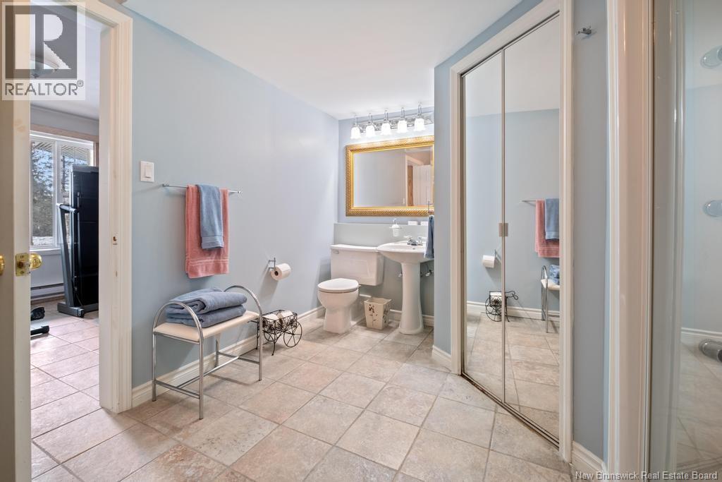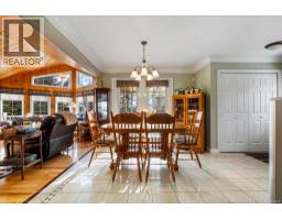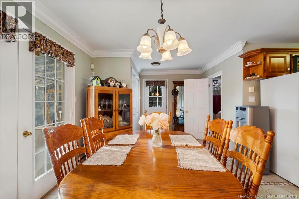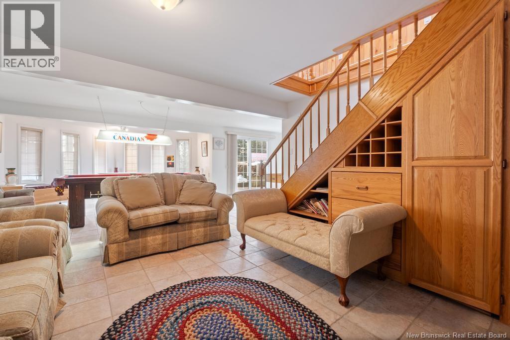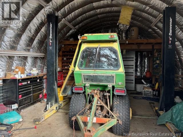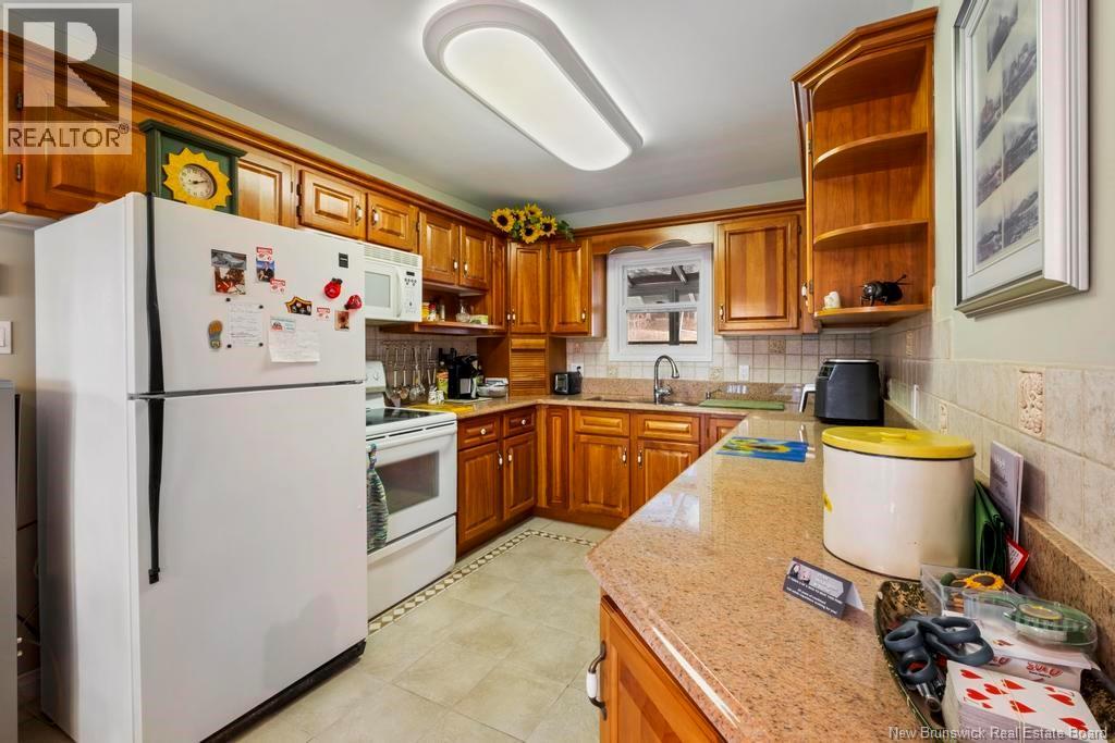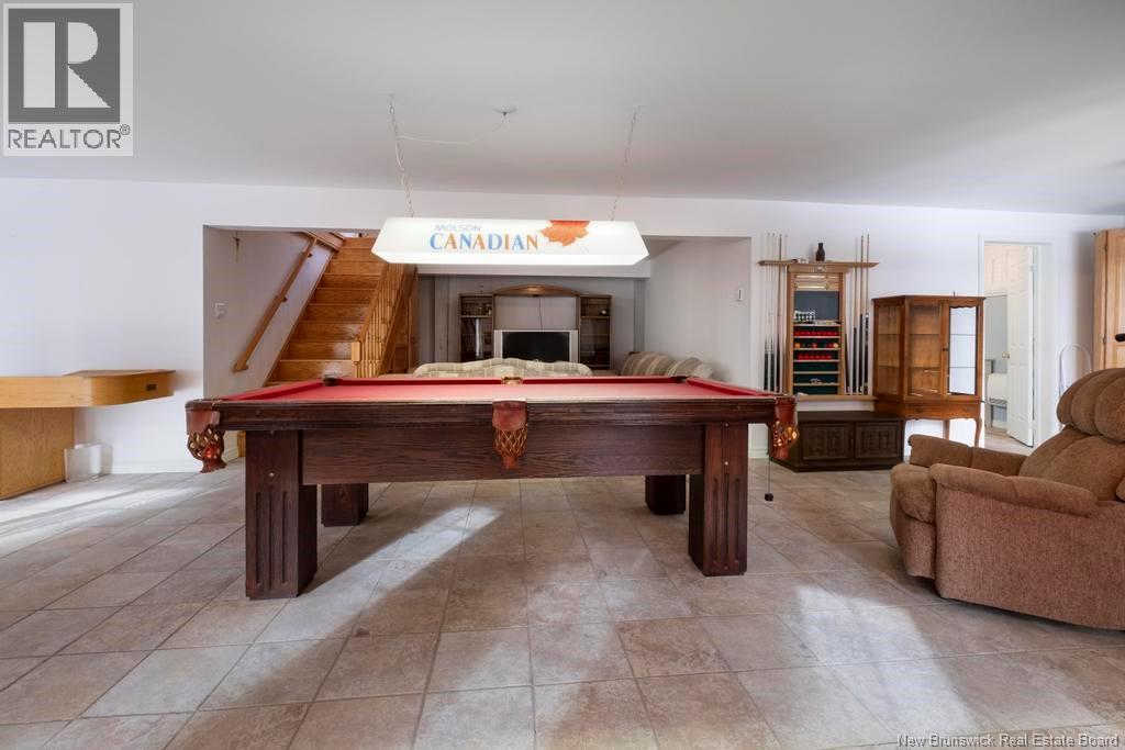 This custom built chalet has so much to offer all tucked into the trees sitting on a one acre lot on the Back Rd in Penobsquis. On the main level as you come in thru the the 3 season enclosed sunroom you walk into the great room with vaulted ceiling and propane fireplace, walls and floors are all covered in hemlock. This room is huge and is open to the dining area. The kitchen with cherry cabinets and granite counter tops has lots of cabinet and counter top space. As you come in the side door of the house into the kitchen area there is a bathroom and mudroom. Off the great room on the back of the house there is another enclosed sunroom so that you can enjoy the outside from all angles. The primary bedroom is on the main level with a large ensuite bath and soaker tub plus heated floors and a walk in closet. The garden door off the primary bedroom leads to a hot tub and access to the rest of the wrap around patio which is all done in PVC. The lower level of the home with a walk out to the front yard has another bedroom (no egress window but close to the outside door) a huge entertaining area with a napolean propane stove and another full bath. This area has a ton of opportunities to fit your life style. The driveway is paved all the way to the upper garages. There is a small garage 16x20 at the bottom of the property. The other garages are 48x26 and 44x26 and the quonset is 20x24. Another great feature is the fish pond and generac generator. (id:35613)
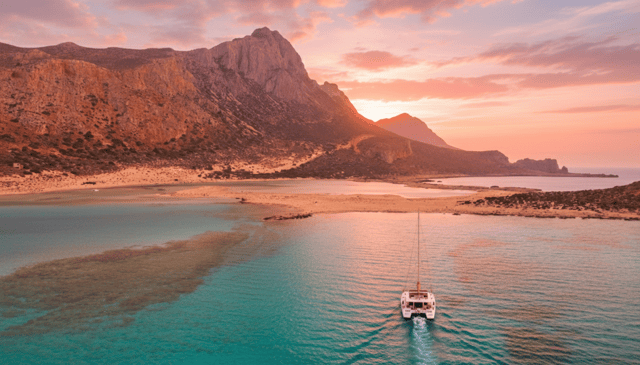 Segle mit einem komfortablen und modernen Segelkatamaran zur exotischen Lagune von Balos. Schwimm im kristallklaren Wasser. Genieße Gourmet-Köstlichkeiten und bewundere den legendären Sonnenuntergang in einem atemberaubenden Moment.
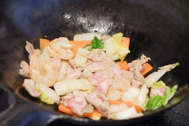 3.鍋にサラダ油を熱し、白菜の芯の部分と豚こま肉、えび、人参を炒める。
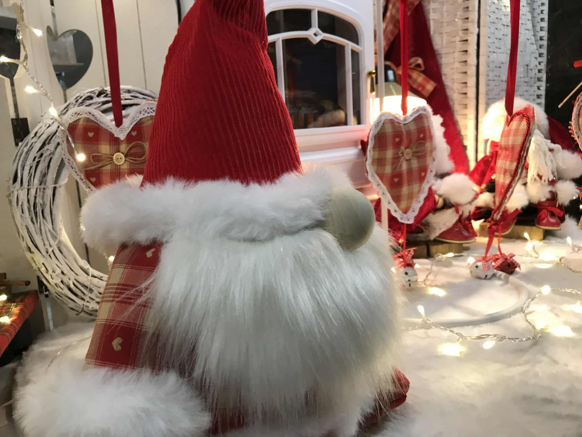 Le lutin rouge est une réalisation classique, son prix se justifie par la qualité des matières utilisées, tissu madras rouge et beige rehaussé de petits coeurs, velours côtelé de coton rouge, les fourrures ne pas d'origine animale.
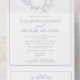 Invitation Tout En Un QR Code Dusty Blue Leafy Crest Monogram Mariage
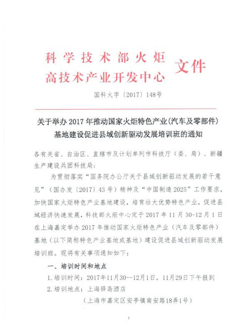 關(guān)于舉辦推動(dòng)國(guó)家火炬特色產(chǎn)業(yè)(汽車及零部件)基地建設(shè)促進(jìn)縣域創(chuàng)新驅(qū)動(dòng)發(fā)展培訓(xùn)班的通知
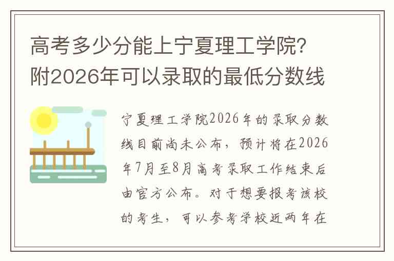 宁夏理工学院2026年的录取分数线目前尚未公布,预计将在2026年7月至8月高考录取工作结束后由官方公布。对于想要报考该校的考生,可以参考学校近两年在各省的录取数据来评估自己的录取概率。
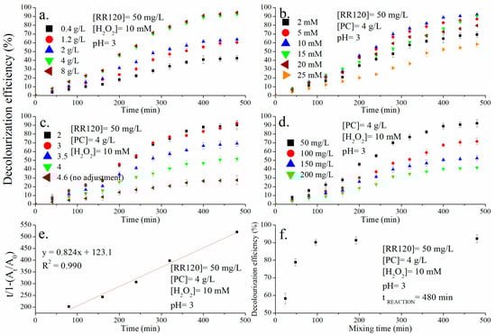 Optimization of the RR120 solution decolorization. (a) Effect of PC dosage. (b) Effect of H2O2 concentration. (c) Effect of initial solution pH. (d) Effect of initial dye concentration. (e) Kinetics. (f) Required mixing time.
:::
**Directions**.
Write out the lines of the material from the one containing "3.鍋にサラダ油を熱し、白菜の芯の部分と豚こま肉、えび、人参を炒める。" through the last, exactly and only those. Leave every picture out.

**Expected answer**.
 3.鍋にサラダ油を熱し、白菜の芯の部分と豚こま肉、えび、人参を炒める。
 Le lutin rouge est une réalisation classique, son prix se justifie par la qualité des matières utilisées, tissu madras rouge et beige rehaussé de petits coeurs, velours côtelé de coton rouge, les fourrures ne pas d'origine animale.
 Invitation Tout En Un QR Code Dusty Blue Leafy Crest Monogram Mariage
 關(guān)于舉辦推動(dòng)國(guó)家火炬特色產(chǎn)業(yè)(汽車及零部件)基地建設(shè)促進(jìn)縣域創(chuàng)新驅(qū)動(dòng)發(fā)展培訓(xùn)班的通知
 宁夏理工学院2026年的录取分数线目前尚未公布,预计将在2026年7月至8月高考录取工作结束后由官方公布。对于想要报考该校的考生,可以参考学校近两年在各省的录取数据来评估自己的录取概率。
 Optimization of the RR120 solution decolorization. (a) Effect of PC dosage. (b) Effect of H2O2 concentration. (c) Effect of initial solution pH. (d) Effect of initial dye concentration. (e) Kinetics. (f) Required mixing time.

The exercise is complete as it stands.